Suddenly she blurted out, “I just want to die.  Okay?  I’m sick of this.”
Anita looked as if she had the wind knocked out of her,  “My, oh my god.  Please, oh please don’t go,” she cried,  “please don’t go.”
She walked out of the room, dumbfounded, as Millie rolled over in her hospital cot. 

***
The next day, Millie’s mother dragged her out of bed, and into clean clothes.  She felt fresh when clad with the new clothes; hospital robes were getting old.  They started to leave the hospital, and a big smile, the first one in many weeks, spread across her face from ear to ear. 
However, right when she started to think that the hospital was far out of sight, they pulled right into another one.  Or, at least, what looked like one.  Her mother dragged Millie out of the car, but Millie stood strong. 
“No, I’m not going in another one of these.  I’m done, Mom, I’m truly, and seriously, done.”
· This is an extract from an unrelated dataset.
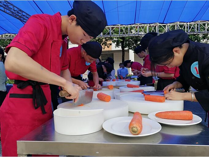 (圖二)烹飪專業(yè)“精細(xì)刀功”競(jìng)賽項(xiàng)目比賽現(xiàn)場(chǎng)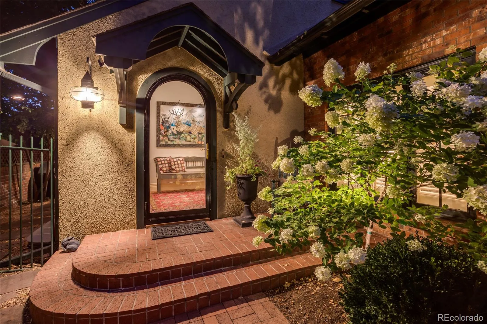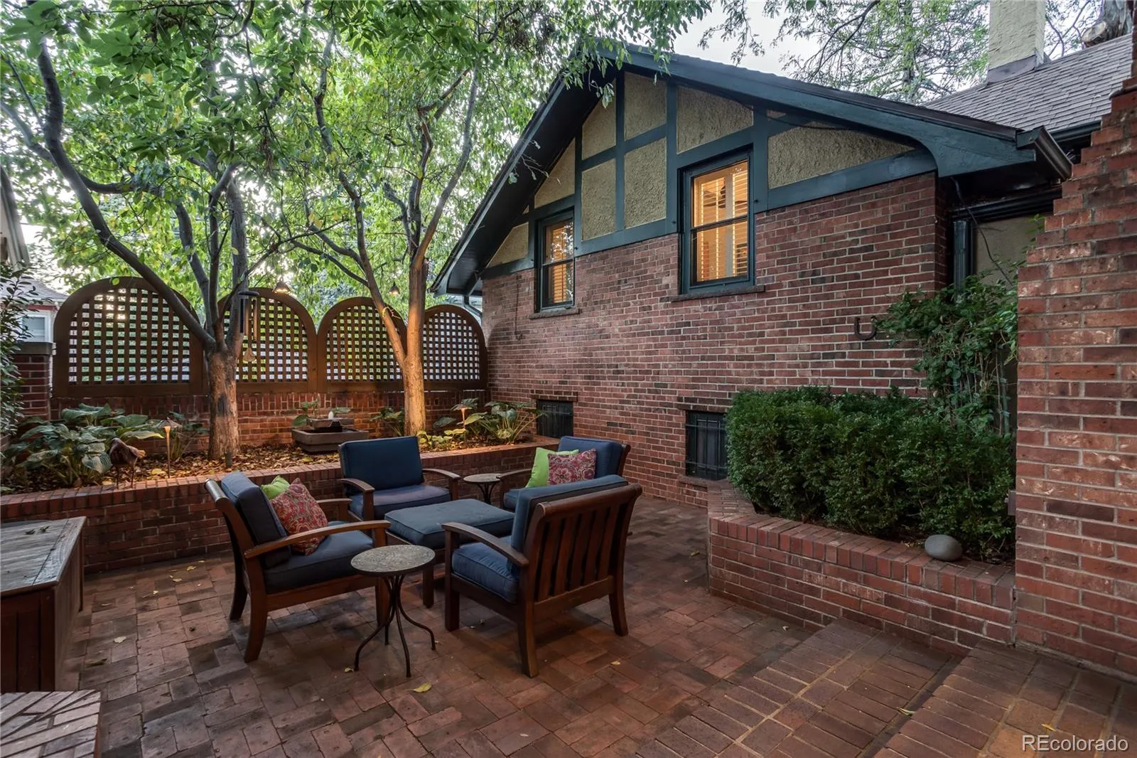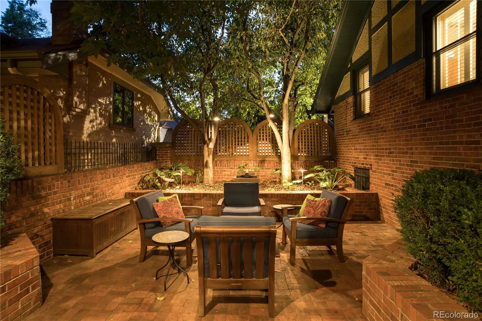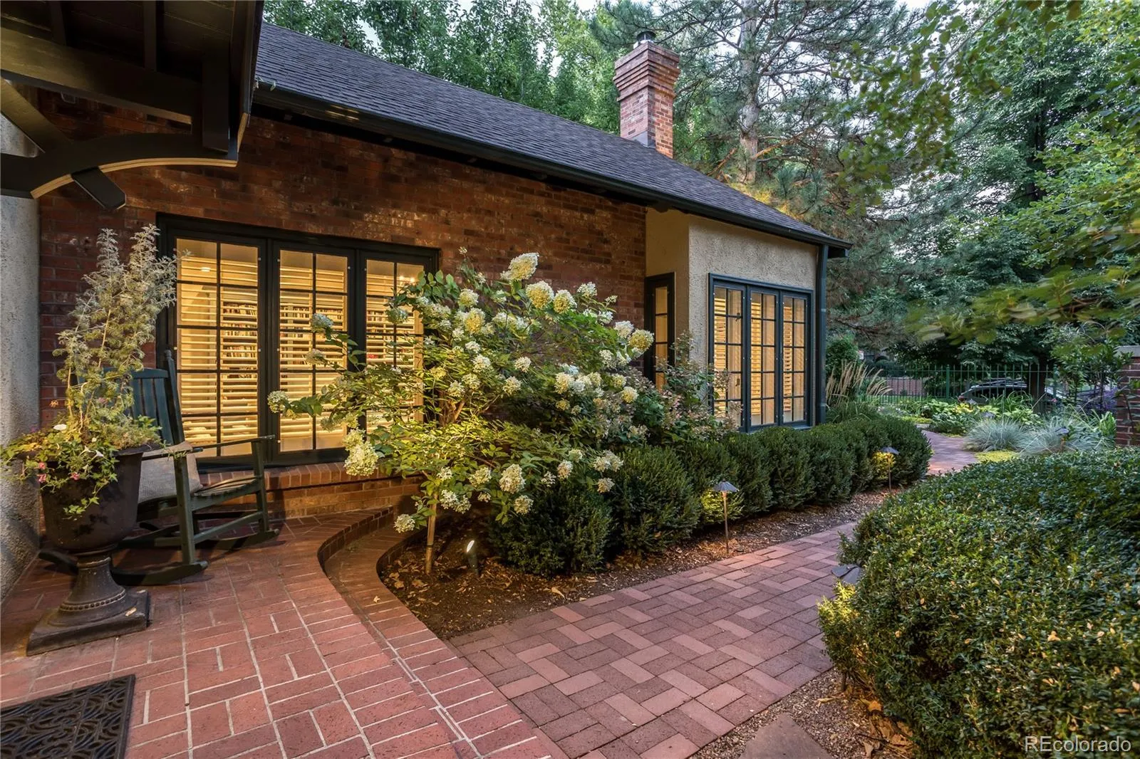 Perfectly combining the character of historic Denver with modern amenities and convenience, this one-of-a-kind residence offers indoor/outdoor Colorado living at its finest. Exquisite gardens surround this classic Country Club North home, with multiple sets of French doors to allow easy access, and the entire property is fully fenced for privacy. The entry hall welcomes you with a charming curved front door, floor-to-ceiling windows & skylight, and Saltillo floor tile. Hardwood flooring, plantation shutters & handsome fireplace adorn the sunny living room. The chef’s kitchen is highlighted by a walnut-topped island, soapstone perimeter countertops + Sub-Zero & Wolf appliances. Sky-lit, spacious dining room with gas fireplace + incredible millwork & moulding. Main floor bedroom/den includes wool carpeting, 2 closets, plantation shutters, en suite bath with skylight & walk-in closet + access to the powder room. The loft features wool carpeting, skylight & built-ins- a great space for office or den. In the primary bedroom, new hardwood floors extend into the walk-in closet, built-in storage on the west wall, and plantation shutters + skylight enhance the space. Marble en suite bath offers walk-in shower & heated floor. Saltillo floor tile is found throughout the lower level, featuring plantation shutters, laundry room, bedroom with en suite bath, spacious entertainment room & office/den with a curved single French door. Retreat and relax in the back garden, which includes an in-ground sprinkler system, updated landscape lighting, and elevated garden with mature trees and bushes that provide shade for 3 seasons. Enjoy al fresco dining on the brick patio, a beautiful space that is sheltered, private, and quiet. Heated 2-car garage offers built-in storage & direct access from the house, and the roof was replaced in 2015. This enchanting residence is a timeless classic, poised in a prime location, just moments to Cheesman Park, Botanic Gardens, Cherry Creek & Downtown.

Anita picked her up and carried her into the psychologist’s office.  Feeling charts and cheesy “You’ll get through this!” posters hung on the wall.  Millie sat there, cross-legged, cross-armed, and didn’t make a sound. 
The psychologist asked, “Millie, tell me how you’re feeling, dear.  What’s troubling you?”
Silence.
“I understand something serious is going on; talk to me.”
Silence. Then, “Just stop, okay?  I want everyone to stop.  Stop caring about me, alright?  Just leave me alone, that’s all I ask.”
The psychologist continued on with the session, but that was the only thing Millie said the whole time.  She suggested they come back again, but Millie merely shook her head, almost in tears, as her mother closed the creaky door behind them.  They drove straight back to the hospital, where Millie was helped back into her robes by the masked nurses.  She stepped up into her cot, and fell asleep. 
In her dream, the fairies visited once again, and they sang her beautiful songs, and danced beautiful dances.  They meant so much to her, as much as a best friend or sister would.  They invited her to come “live” with them in their endless province of fairies and castles.  They all circled around her, and while singing, their power lifted her up into the sky.  She floated up through the clouds, up away from the world she wanted to forget.  She arrived with the fairies in what seemed like a wonderland, free to do whatever she pleased.  Free of pain, nurses, and hospitals. 
***
Anita woke up the next morning, and walked to wake Millie for her first test of the day. 
“Millie,” she tapped her shoulder gingerly, “time to wake up.”  No response from a lifeless Millie.  “Honey?”  Anita rushed to grab the doctor. 
Nurses gathered around, as one of them grabbed a stethoscope to test her pulse.  They waited in suspense.  “Nothing,” she said solemnly. 
Anita began to cry in endless sobs; Millie, her only daughter, her only child, had just succumbed, gone, taken by a monster.  Or was it fairies?
Back in her New York City apartment, Anita ran straight into her bed; exhausted from months at the hospital.  As she lay asleep, she dreamed of fairies.  The fairies Millie had described, playing with her in what looked like a heavenly kingdom in the clouds.  Millie, wearing a halo and a huge smile, sat outside a castle, and looked like she was having the time of her life.  Watching this mesmerised Anita, but suddenly, she was jolted awake by a realization.  Out of breath and sweating, she whispered to herself, “Fairies are real,” and fell slowly back into a deep sleep.